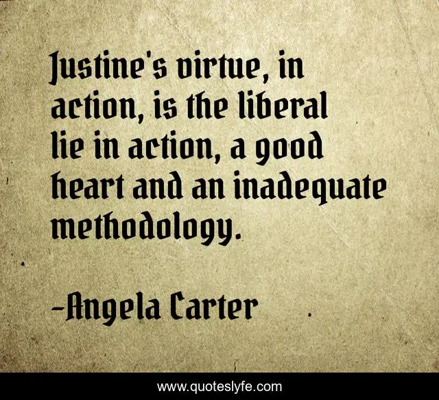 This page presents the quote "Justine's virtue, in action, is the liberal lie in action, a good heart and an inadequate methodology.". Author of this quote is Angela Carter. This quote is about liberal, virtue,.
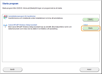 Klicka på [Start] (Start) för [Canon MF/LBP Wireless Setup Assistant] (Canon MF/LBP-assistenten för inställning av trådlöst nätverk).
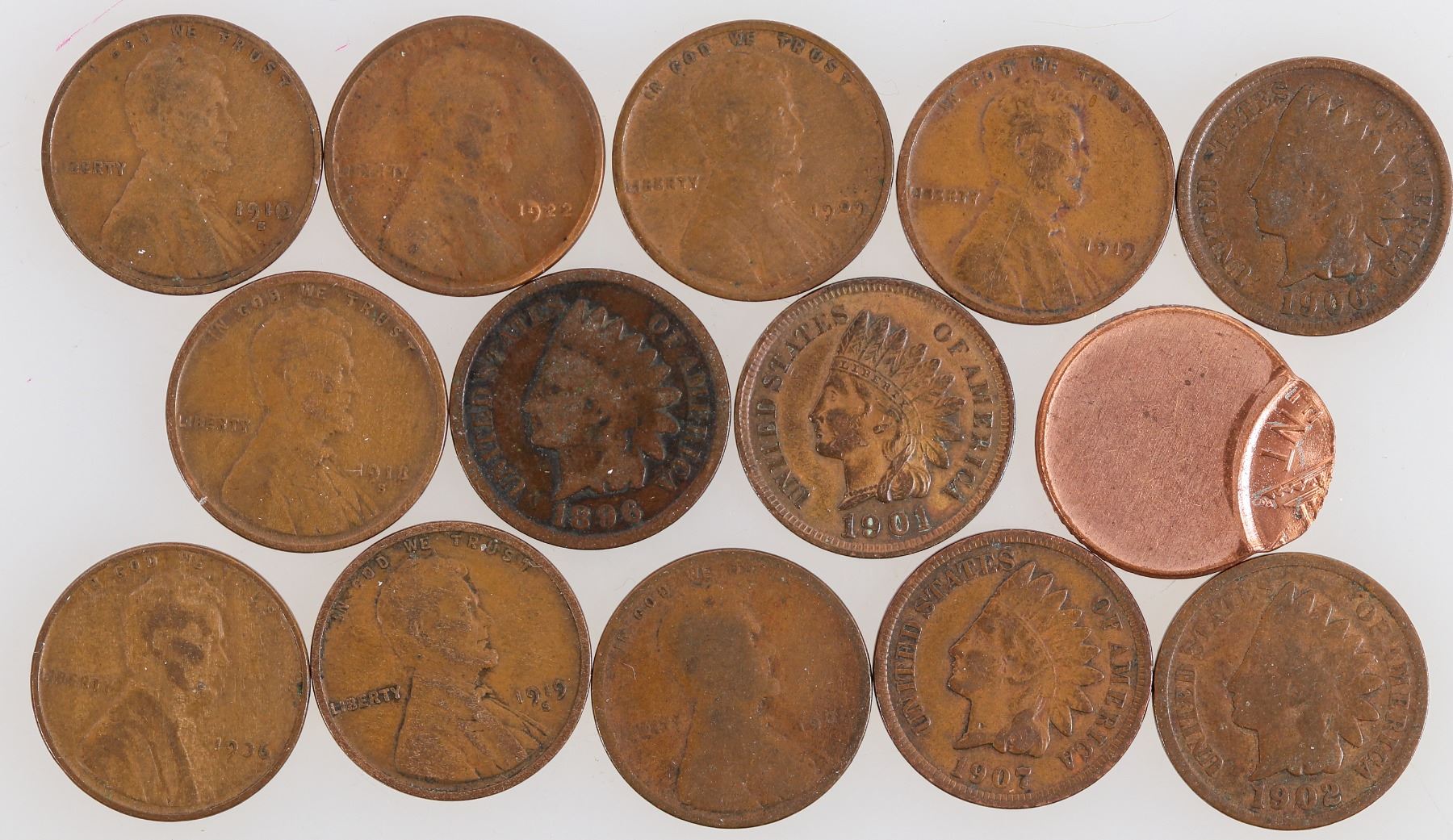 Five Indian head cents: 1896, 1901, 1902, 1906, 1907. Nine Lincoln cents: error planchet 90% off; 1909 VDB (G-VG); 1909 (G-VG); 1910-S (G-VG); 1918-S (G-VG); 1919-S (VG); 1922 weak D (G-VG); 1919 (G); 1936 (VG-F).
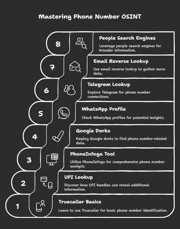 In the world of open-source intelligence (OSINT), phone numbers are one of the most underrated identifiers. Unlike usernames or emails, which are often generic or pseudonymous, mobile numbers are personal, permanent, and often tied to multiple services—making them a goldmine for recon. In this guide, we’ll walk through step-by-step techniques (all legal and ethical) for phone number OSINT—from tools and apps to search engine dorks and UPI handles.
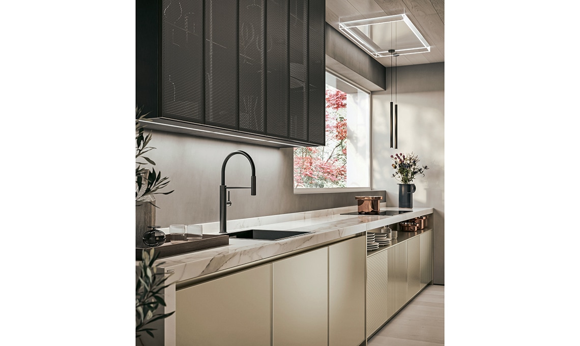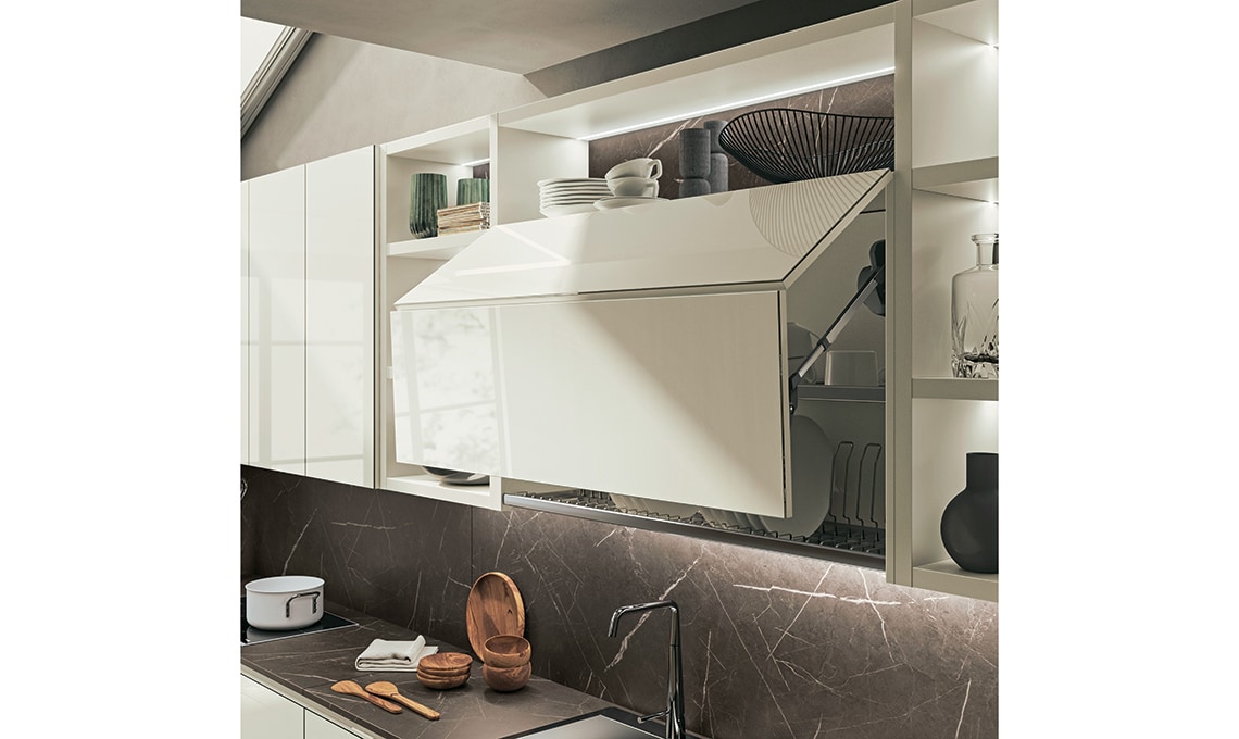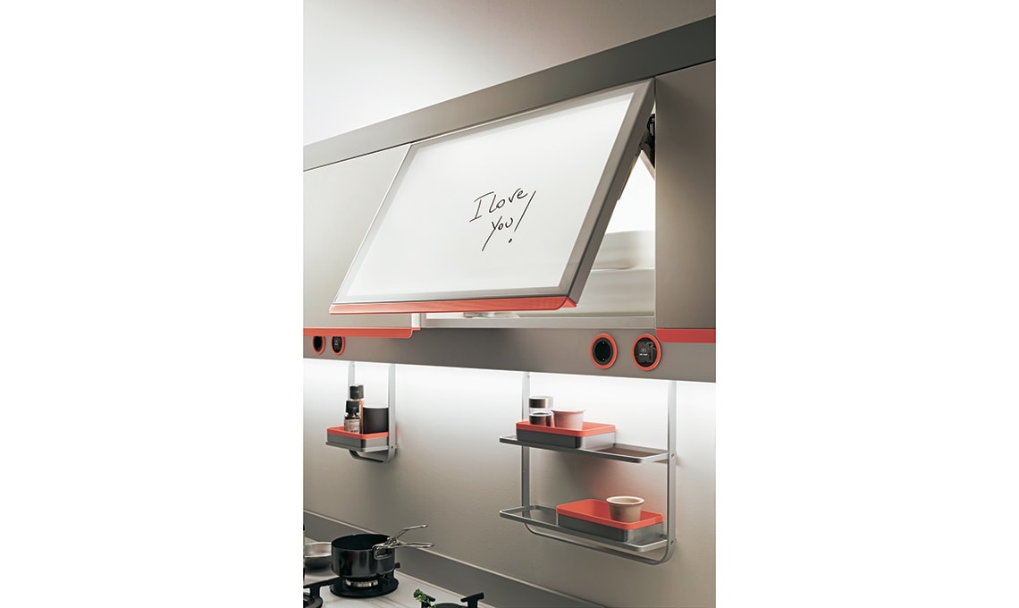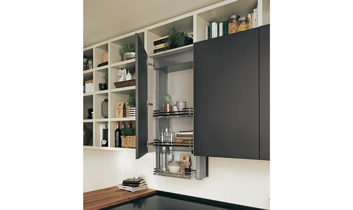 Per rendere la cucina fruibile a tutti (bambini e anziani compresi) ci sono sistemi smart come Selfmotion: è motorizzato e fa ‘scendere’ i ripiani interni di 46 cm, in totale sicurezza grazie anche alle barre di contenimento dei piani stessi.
--
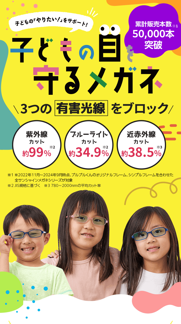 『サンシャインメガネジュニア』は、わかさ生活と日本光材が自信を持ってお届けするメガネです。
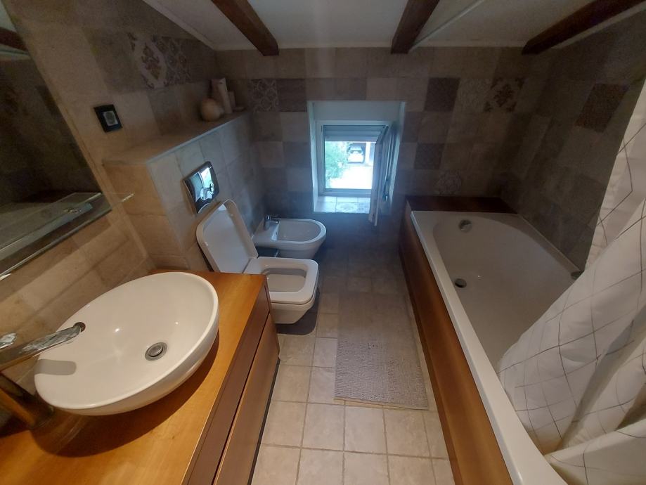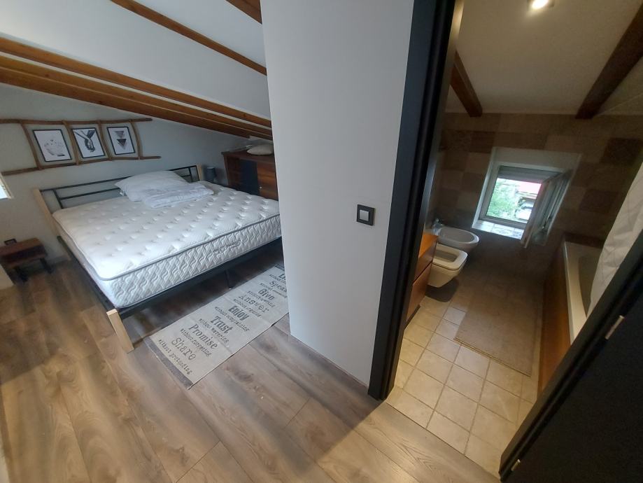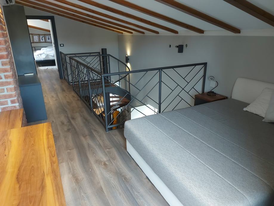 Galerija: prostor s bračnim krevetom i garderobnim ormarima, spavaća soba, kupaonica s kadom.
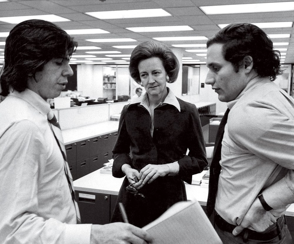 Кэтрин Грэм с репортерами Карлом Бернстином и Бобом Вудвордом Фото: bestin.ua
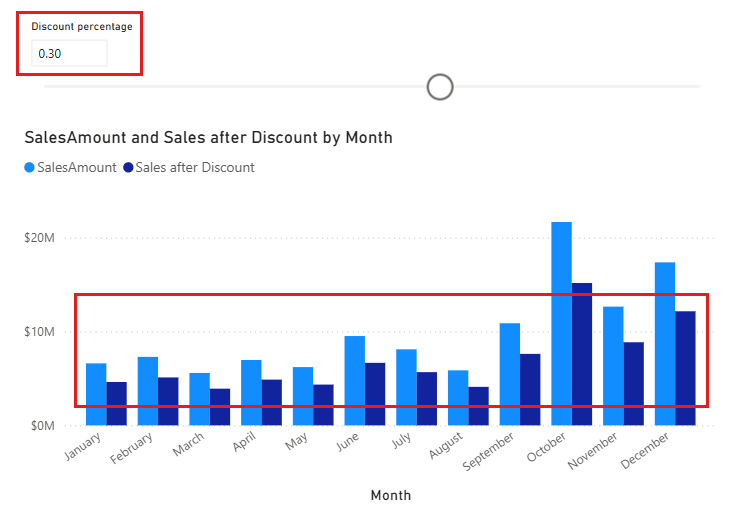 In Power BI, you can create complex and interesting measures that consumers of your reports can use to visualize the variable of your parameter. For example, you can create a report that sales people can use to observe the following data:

(TASK STATEMENT): What do the entries above read from the line containing "Galerija: prostor s" through the line containing "In Power BI, you"? Output those lines exactly, both ends included, with the pictures left out.

(RESULT):
 Galerija: prostor s bračnim krevetom i garderobnim ormarima, spavaća soba, kupaonica s kadom.
 Кэтрин Грэм с репортерами Карлом Бернстином и Бобом Вудвордом Фото: bestin.ua
 In Power BI, you can create complex and interesting measures that consumers of your reports can use to visualize the variable of your parameter. For example, you can create a report that sales people can use to observe the following data:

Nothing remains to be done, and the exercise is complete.